**What you should do**
The copy should hold exactly the lines below from the one that contains "特种兵特点:增加对坦克伤害25%,自带闪避。" through the one that contains "Coque souple pour" and nothing else, so no pictures.

**Records supplied**
----------------------------------------
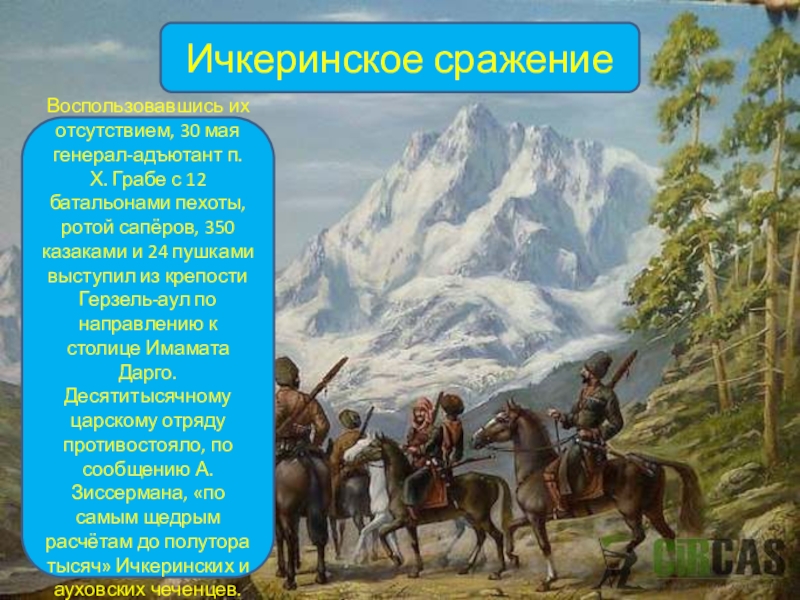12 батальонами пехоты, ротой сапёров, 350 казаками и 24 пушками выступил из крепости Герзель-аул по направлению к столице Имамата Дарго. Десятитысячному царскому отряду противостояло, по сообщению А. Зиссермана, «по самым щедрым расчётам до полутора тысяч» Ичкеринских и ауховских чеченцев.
----------------------------------------
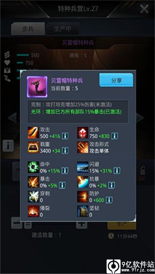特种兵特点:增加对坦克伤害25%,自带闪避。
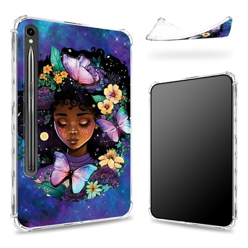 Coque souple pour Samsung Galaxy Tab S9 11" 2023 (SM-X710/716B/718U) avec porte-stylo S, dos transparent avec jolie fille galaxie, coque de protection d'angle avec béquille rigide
----------------------------------------
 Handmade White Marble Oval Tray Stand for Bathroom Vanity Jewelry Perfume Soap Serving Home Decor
----------------------------------------
**Result for this task**
特种兵特点:增加对坦克伤害25%,自带闪避。
 Coque souple pour Samsung Galaxy Tab S9 11" 2023 (SM-X710/716B/718U) avec porte-stylo S, dos transparent avec jolie fille galaxie, coque de protection d'angle avec béquille rigide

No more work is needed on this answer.